RÜYA (NEDİR GERÇEK?)
"Bunlarda nereden çıktı şimdi?diye sordu",Aysu.
"Bilmiyorum ki,birdenbire üstümüze gelmeye başladılar,lanet olsun,dedi,"Kerem.Şu anda oldukça sinirli görünüyordu.
"Birazdan giderler diyerek onları eliyle kovalamayı sürdürdü,"Burcu.Bunun için çabalıyordu.
"Bundan emin misin? " diyen bu sefer Kadir,oldu.Hayır pek gidecek gibi gözükmüyorlar da.
"Sabredin çocuklar bizi düşman sanmış olmalılar,eh böyle ıssız bir yerde gördüğünüz gibi bizden başka kimse yok,o yüzden böyle davranıyorlar.Başka neyden olabilir ki?Aksi taktirde durduk yere, hangi arı bir insana saldırır? diyerek görüşünü dile getirdi,"Cihangir.

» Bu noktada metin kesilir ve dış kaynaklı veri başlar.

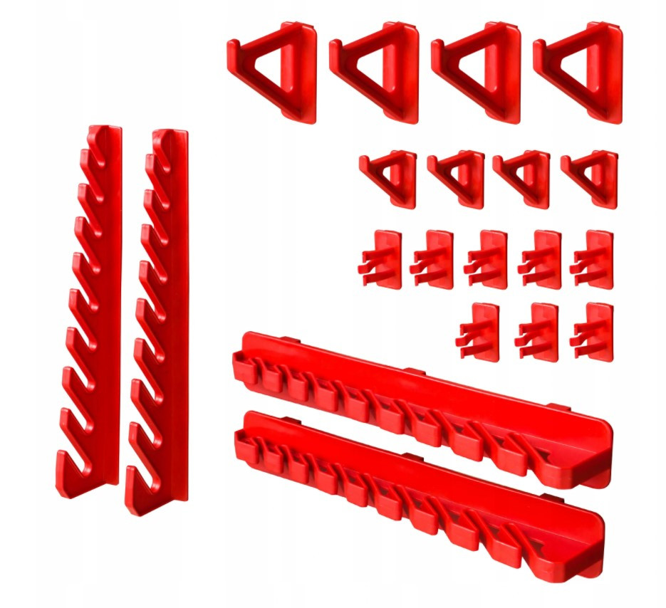 - тримач для інструментів (комплект) 1 шт. (КВН 20) (4 тримача для ріжкових ключів (2 вертикальних / 2 горизонтальних); 8 тримачів для відгорток, дрібних інструментів; 4 вішалки 5,5 см; 4 вішалки 3,5 см);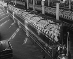 Description :GROSSES BOBINES SUBISSANT L'ETIRAGE DE LA LAINE.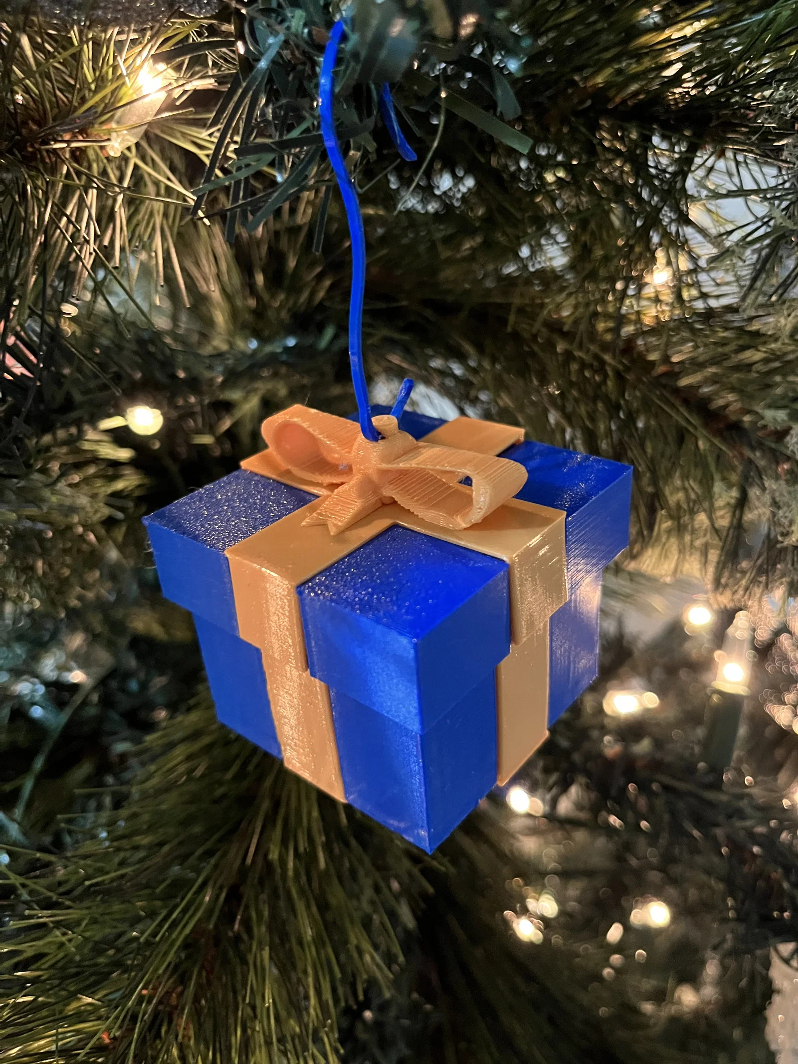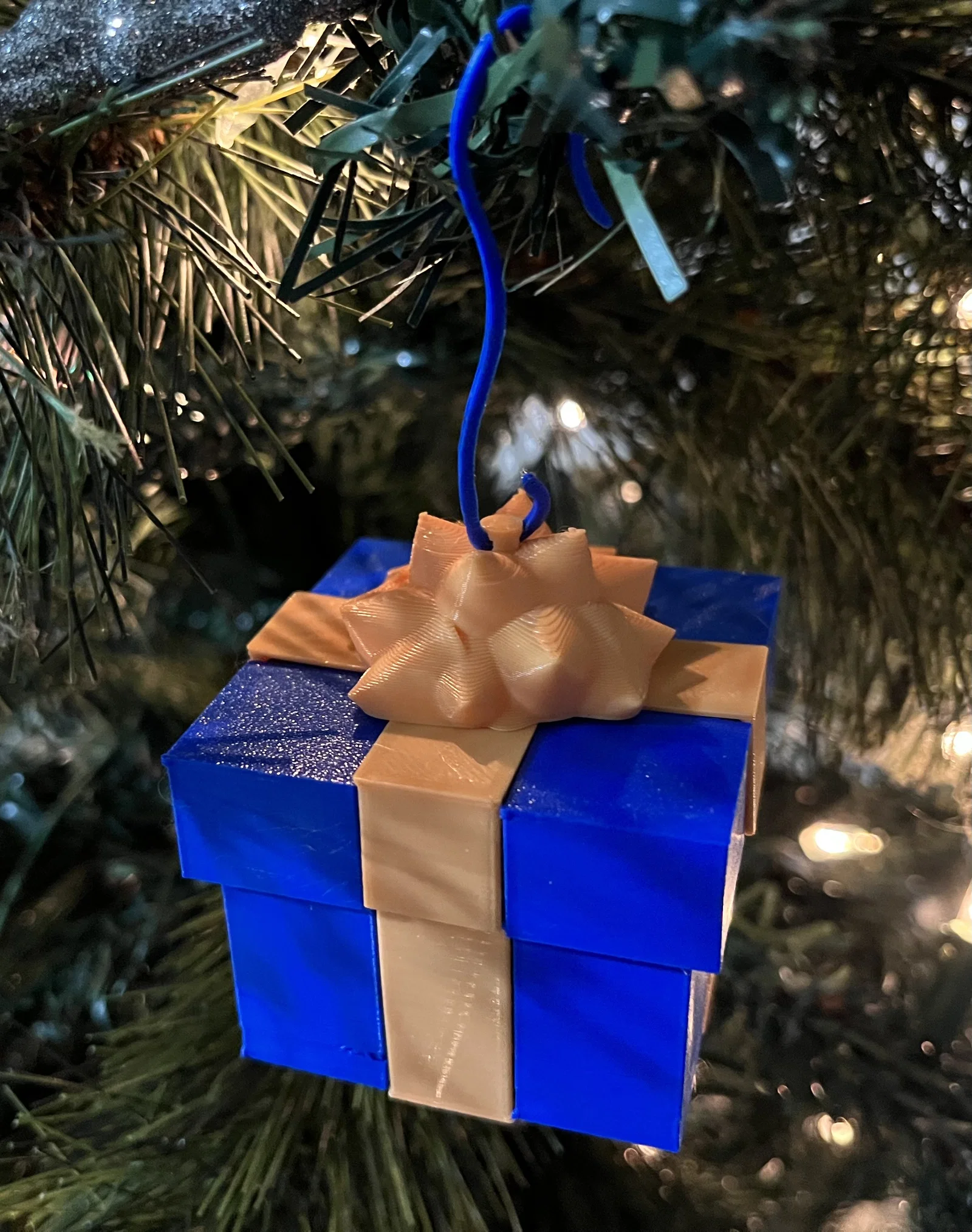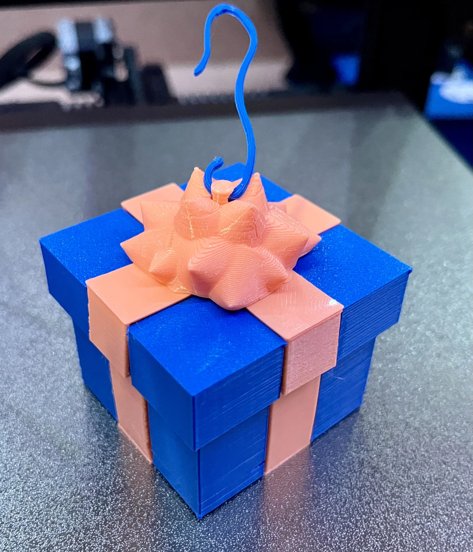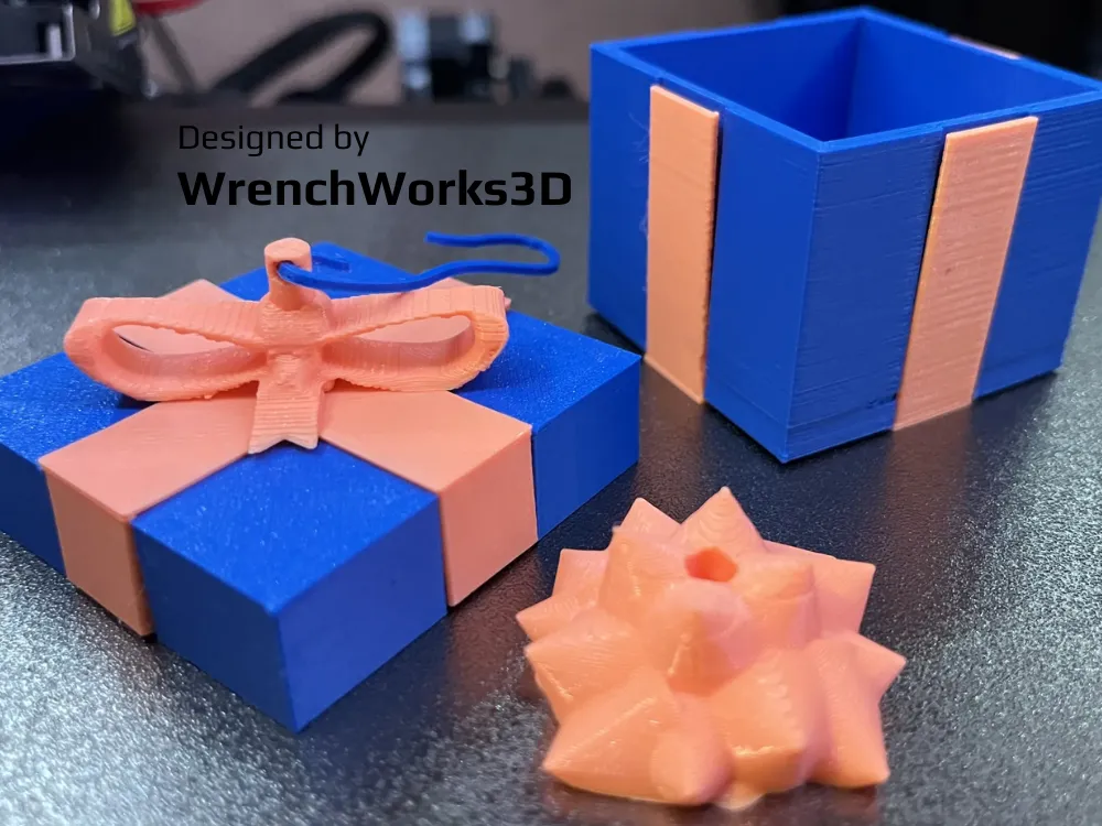 Đây là mẫu hộp quà/vật trang trí dạng mô-đun, cho phép bạn in phần "dây ruy-băng" nhiều màu mà không cần máy in đa màu. Kích thước bên trong là D44 x R44 x C34 mm. Hộp quà này không cần dùng keo, ốc vít hay linh kiện gì cả, nắp hộp được thiết kế với độ dung sai chuẩn nên đóng rất khít. Sản phẩm còn đi kèm với một móc treo đồ trang trí rất chắc chắn và tiện lợi!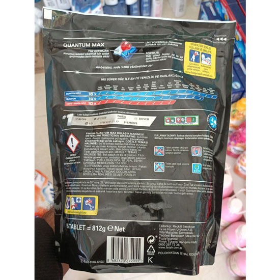 قرص فینیش کوانتوم مکس شامل ترکیب بی نظیری از توپ، ژل و پودر است. توپ قدرتمند آن خاصیت براق و درخشان کنندگی بی نظیر ظروف را دارد. ساختار ژلی قرص کوانتوم مکس فینیش چربی زدایی می کند و پودر آن انواع لکه های سخت و چسبیده غذا را از بین می برد. همچنین با فرمولاسیون قدرتمند و پیشرفته در اولین شستشو باعث تمیزی بی نقص ظروف می شود. قرص فینیش کوانتوم مکس حاوی ژل قدرتمندی بوده که به راحتی و در کمترین دماها نیز به راحتی در آب حل شده و چربی ها و سوختگی غذا را به آسانی و با یک بار شستشو از روی ظروف پاک می کند. به طوریکه هیچ اثری از آن ها باقی نمی ماند و در مصرف آب نیز حدود 56 لیتر صرفه جویی می شود.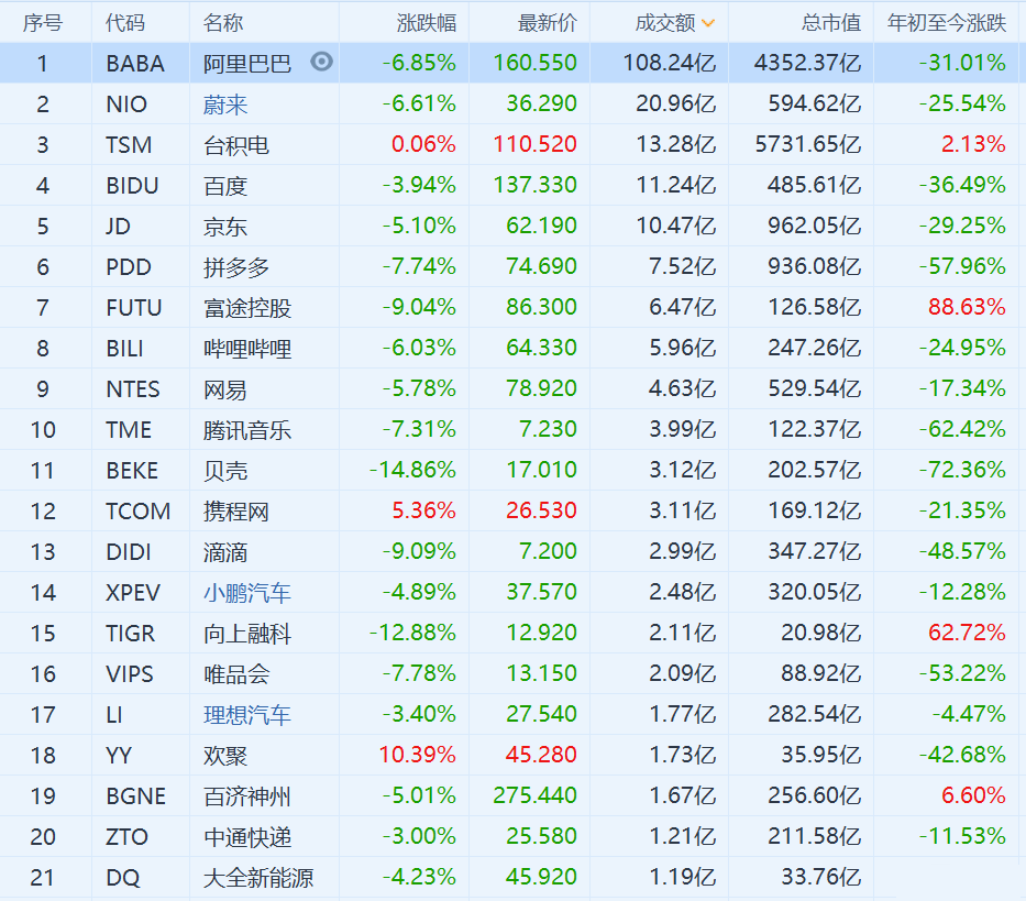 热门中概股普遍大跌,阿里巴巴跌6.85%,京东跌5.1%,微博跌0.85%,拼多多跌7.74%,哔哩哔哩跌6.03%,百度跌3.94%,新东方跌7.18%,网易跌5.78%,腾讯音乐跌7.31%,爱奇艺跌5.86%,滴滴跌9.09%,贝壳跌14.86,天境生物跌15.79%,高途跌15%,老虎证券跌超12%,掌门教育跌超11%。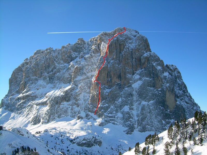Il tracciato del Pilastro Magno con segnati i 2 bivacchi della prtima invernale (la foto è stata scattata due anni prima dell'invernale)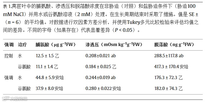 测量脯氨酸水平,以评估其在定义莴苣对 NaCl 的耐受性方面的潜在作用,并结合谷氨酸处理。在没有盐的情况下,无论处理方式如何,莴苣植株的叶子中都含有相同量的脯氨酸(表1)。盐胁迫显著影响莴苣叶片中脯氨酸和渗透压的水平(表1)。特别是,脯氨酸的平均值为11.8μgg−1在非应激条件下生长的植物中,约63.9μgg−1在受压植物中。在用水处理的对照植物和胁迫植物之间观察到显着差异。然而,高变异性不允许在应激样品中看到谷氨酸处理的任何显着效果。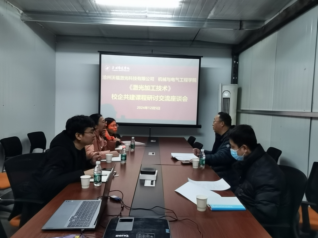 12月5日上午,机械与电气工程学院院长鲁明珠、副院长赵治月、机械电子工程专业负责人刚建华一行赴校企合作基地——沧州沃福激光科技有限公司,就进一步推进校企融合课程共建进行座谈研讨,共同探讨校企合作新模式,推动人才培养与产业发展的深度融合。沧州沃福激光科技有限公司总经理贺昌玉、工程师李增祥出席研讨会。
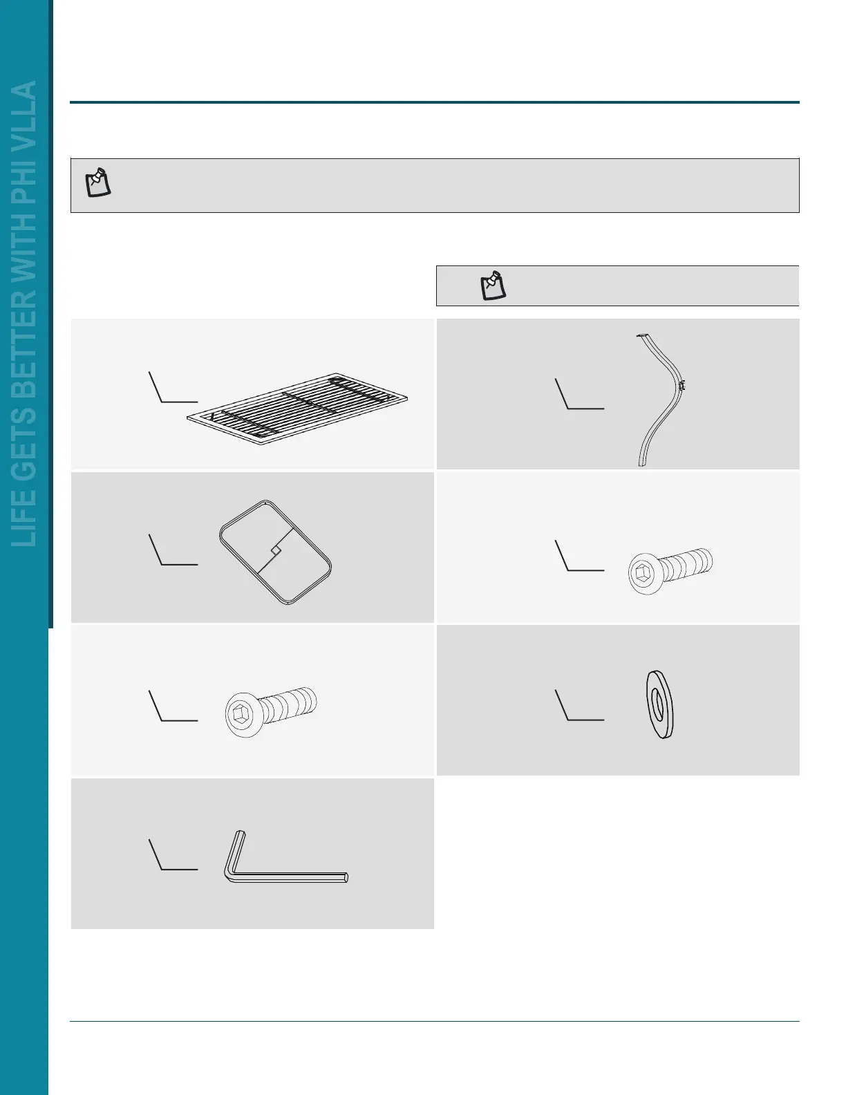NOTE: Hardware not shown to actual size.

"Haklı olabilirsin dedi,Gamze'de.Sabreden derviş,muradına ermiş diye de ekledi."Ersin,gene nereden aklına geldi bilmiyordu,ama, yola çıkan genç bir gurupla ilgili bir hikaye okumuştu.Bu bugün hatırlamış olduğu diğer hikayeden daha ilginçti.Gençlerin yolu karşılarına çıkan gökkuşağı sayesinde birdenbire değişir.Kendilerini gökkuşağının içinden geçer geçmez bambaşka bir yerde bulurlar.Burası dünya değildir,dünyanın çok daha ötesinde bir yerdir.
Bir tür orman.
Uçsuz,bucaksız sonu olmayan bu ormanda kardeşliği,dostluğu ve her şeyden daha önemlisi sevgiyi öğrenirler.İçlerindeki en büyük güç sevgidir,ve acaba içlerindeki sevgi onları ormandaki diğer kötü varlıklara karşı koruyabilecek midir?
Peki bu kötü varlıklar kimdir? Vahşi hayvanlar?gizemli, yaratıklar,canlılar?psikopatlar,sosyopatlar,katiller,ya da diğerleri...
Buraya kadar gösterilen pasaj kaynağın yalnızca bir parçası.